August 14, 2012 at 11:18 am
NAPLES — Republican presidential candidate Mitt Romney’s announcement that U.S. Rep. Paul Ryan is his running mate could shrink the margin in a heated race by six GOP candidates for Southwest Florida’s congressional District 19 seat.
Romney’s announcement came Saturday, about a week after the Wisconsin Republican’s visit here to endorse Chauncey Goss of Sanibel, a former staff member who helped Ryan draw up the Republicans’ version of the budget.
“I think the announcement of Paul Ryan as the vice presidential running mate will not only give our campaign a boost, but it will also give the country a boost,” Goss said. “It shows that governor Romney is serious about addressing our economy with real spending and revenue reforms.”
Goss, 46, who operates a fiscal policy analysis firm, once served as deputy staff director for the U.S. House Budget Committee.
Susan MacManus, a political science professor at the University of South Florida in Tampa, said the announcement likely wouldn’t have a huge effect because it’s so close to the primary and some people already have voted. But she agreed nothing is certain in a race where only 18,000 to 20,000 votes are needed to win.
“Anything could happen in a close race,” she said. “That might help a bit among Republicans, but not significantly. When you have a crowded field like this, it’s the personal contact that pushes someone toward a candidate. It’s not going to take a huge percentage to win.”
Sheryl Wooley, Goss’ campaign manager, said Romney’s announcement gives a nudge to Goss’ campaign. “Now people really know who (Ryan) is,” Wooley added.
Radio ads featuring Ryan’s endorsement aired for days before Saturday’s announcement, Wooley said, but due to time and cost, they opted not to change the TV ads to note Ryan’s selection Saturday by adding video to the audio.
A Public Policy Polling Survey by the News-Press on Wednesday and Thursday showed 14 percent of 500 people who voted, or who intend to vote, support Goss.

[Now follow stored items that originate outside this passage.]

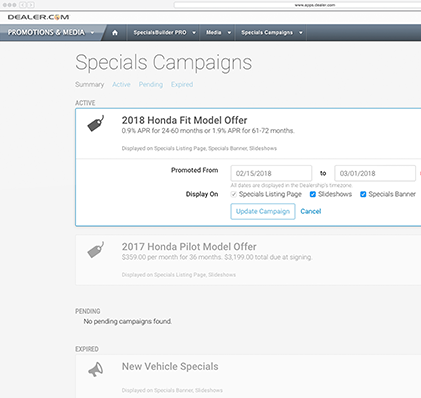 Dealer.com’s dynamic content targeting engine ensures that the most relevant ads, banners, and slideshows from Specials Campaign Manager are automatically displayed adjacent to recommended inventory. Creative is deployed in real-time to your homepage and vehicle listings pages, as well as promotions and fixed operations pages by default, but these assets can be configured to display to the locations on your website that best match your strategy.
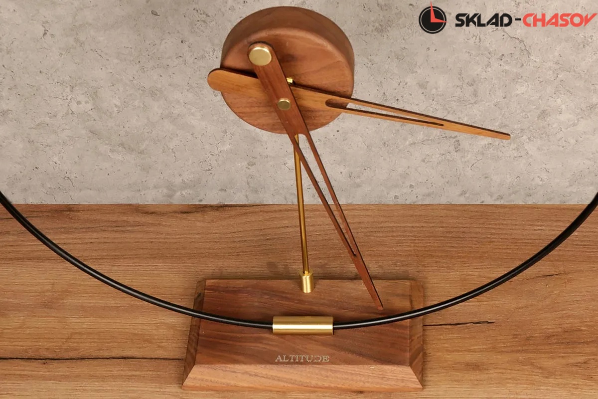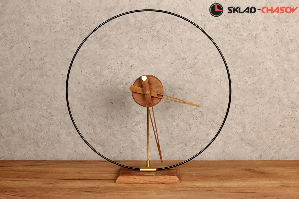Настольные интерьерные часы от немецкого дизайнера Фридриха Кельна. Необычный дизайн украсит пространство стильного загородного дома или современной роскошной квартиры. «Метеор парящий в сфере» - вот идея создания. Изготовлено из шлифованного чёрного металла и натурального дерева, подставочка деревянная. Часы с кварцевым механизмом.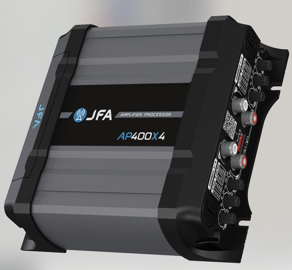 This powerful 4-channel car amplifier from JFA delivers 400 watts of crisp, clear sound. Featuring a compact yet robust design, it easily fits under seats or in trunks while handling heavy bass with precision. The amplifier's multi-channel capability drives 4 speakers with individual volume and tone controls for each channel. Whether you want to upgrade your vehicle's Or Motorcycle factory system or build a show-worthy custom setup, this amp delivers performance inside and out. With its stable of protective features like overload protection and thermal shutdown, it reliably drives even the most demanding audio configurations. By Soundigital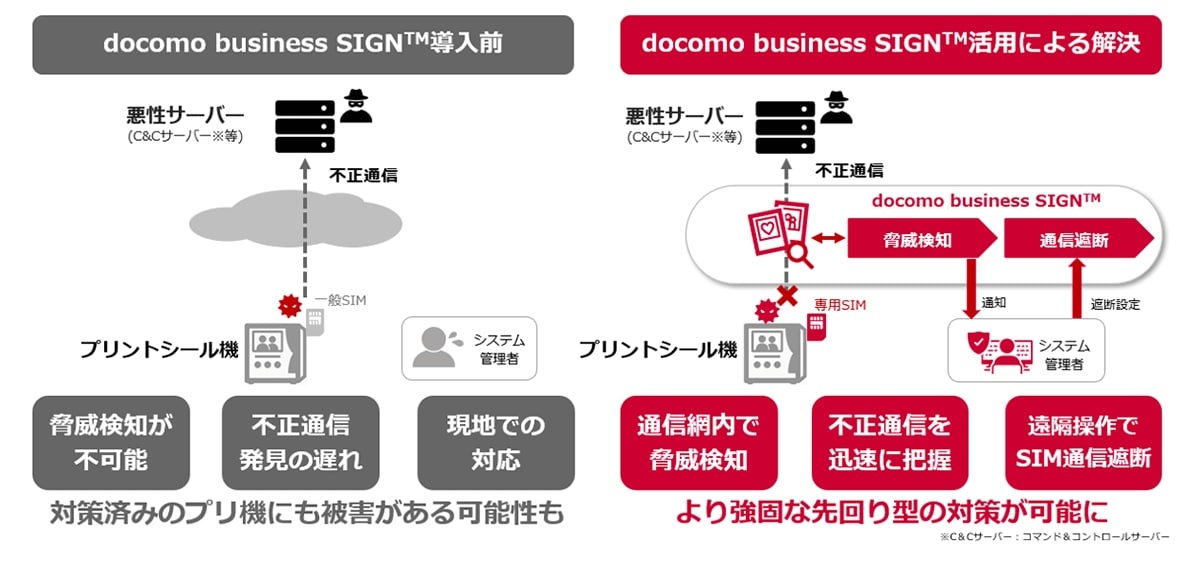 フリュー株式会社(以下 フリュー)とNTTドコモビジネス株式会社(旧 NTTコミュニケーションズ株式会社、以下 NTTドコモビジネス)は、セキュリティ機能を標準搭載したIoT向けのNaaS(Network as a Service)である「docomo business SIGN™」※1を用い、エンタテインメント(以下 エンタメ)業界初※2となるプリントシール(以下 プリ)機のセキュリティ実証実験(以下 本実証)を開始します。本実証では、SIMレベルでの脅威検知・遮断や不正利用の検知、簡易位置情報の把握、運用ポータルでの一元管理を検証します。個人情報を扱うエンタメIoTに適した“先回り型”の安全基盤を構築し、将来のAI連携など新機能拡張に向けた信頼性を高めます。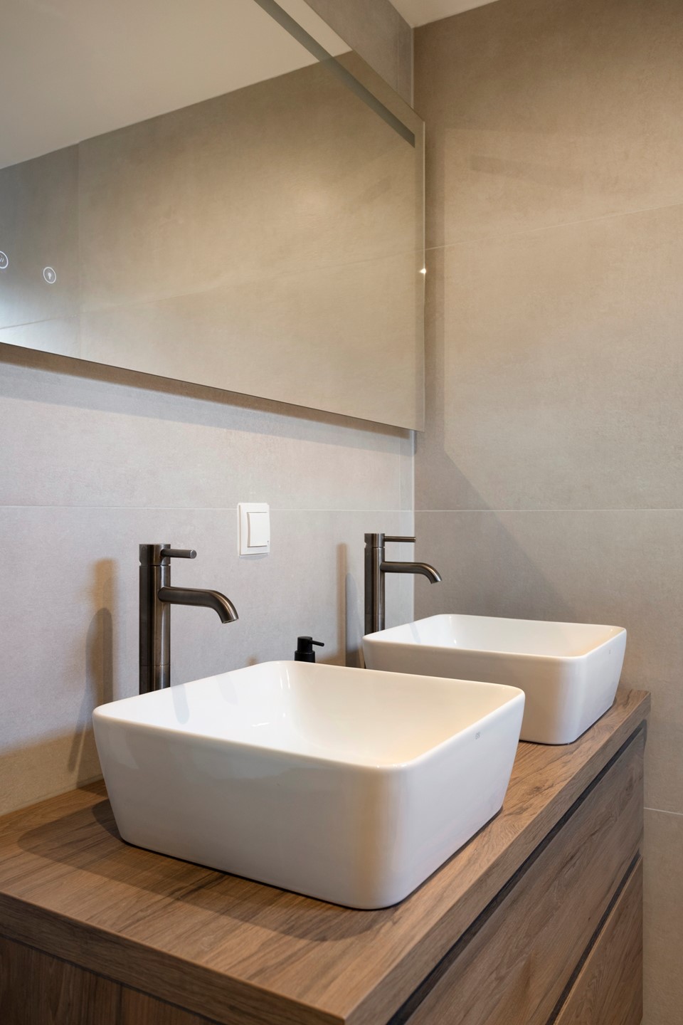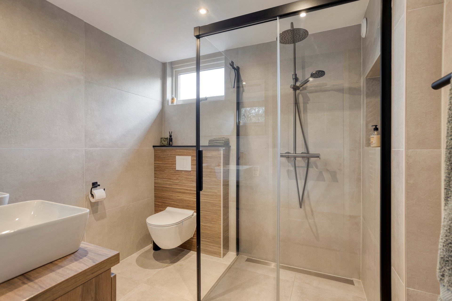 | Badkamervoorzieningen | Dubbele wastafel, Inloopdouche, Toilet, Wastafelmeubel |

The poll showed Goss trailed state Rep. Gary Aubuchon, 50, a Cape Coral builder who garnered 16 percent and stateRep. Paige Kreegel, 53, a Punta Gorda physician and farmer, who had 23 percent.Trey Radel, 36, of Fort Myers, a popular conservative talk show host and entrepreneur, led at 25 percent.
Close behind Goss was Byron Donalds, 33, a Naples commercial credit officer, with 13 percent, while Naples lawyerJoe Davidow, 28, grabbed just 2 percent, according to the poll, which has a 4.38 percent margin of error.

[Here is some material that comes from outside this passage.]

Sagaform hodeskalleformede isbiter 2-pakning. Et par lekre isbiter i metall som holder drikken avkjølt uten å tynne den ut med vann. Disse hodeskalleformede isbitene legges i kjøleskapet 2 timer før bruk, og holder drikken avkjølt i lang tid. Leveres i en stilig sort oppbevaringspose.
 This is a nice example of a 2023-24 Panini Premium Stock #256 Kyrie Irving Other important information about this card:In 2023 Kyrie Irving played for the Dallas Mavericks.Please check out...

Kreegel couldn’t be reached, but Radel, who was endorsed by incumbent Rep. Connie Mack IV, considers Ryan a great choice for vice president. Radel added, however: “As to whether it will affect our race politically, I’ll leave that one to the politicians to debate.”
Aubuchon doesn’t think it will have an effect, according to his campaign spokesman, Josh Cooper, who added: “Gary is focused on getting out his supporters tomorrow.”

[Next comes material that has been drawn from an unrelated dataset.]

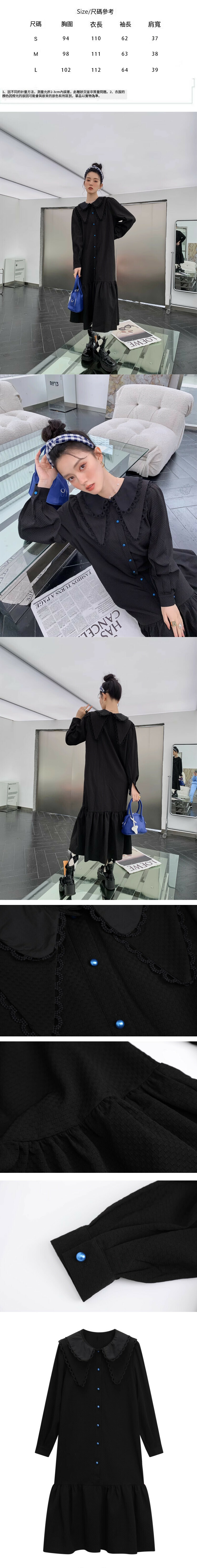 熱賣長袖魚尾長款襯衫裙(黑色)(S-L碼)(下單後聯絡客服確認發貨尺碼)

Donalds praised the choice, but doesn’t think it will affect the District 19 race.
He is counting on Radel, Kreegel, Aubuchon and Goss splitting the Lee County votes and enabling Collier GOP voters to push a candidate to the top. Donalds has stepped up phone calls and sign waving in Collier and Lee counties.
”Those are four very big names in Lee County,” Donalds said. “Hopefully, in Collier County, we’ll gain the advantage.”
The newly drawn District 19 covers parts of Charlotte and Lee counties and the coastal portions of Collier County, including Naples and Marco Island.
Davidow, 28, has studied past primary turnout and has targeted voters by neighborhood, banking on more Collier GOP voters giving him an edge.
“Collier is going to change it,” Davidow said of the race, adding that he doesn’t think the Ryan announcement will make a difference. “The voters are tired of being told who to vote for. I think we need more leaders — and endorsements tell you who the followers are. What America needs is not more endorsements, it’s more jobs and a better economy.”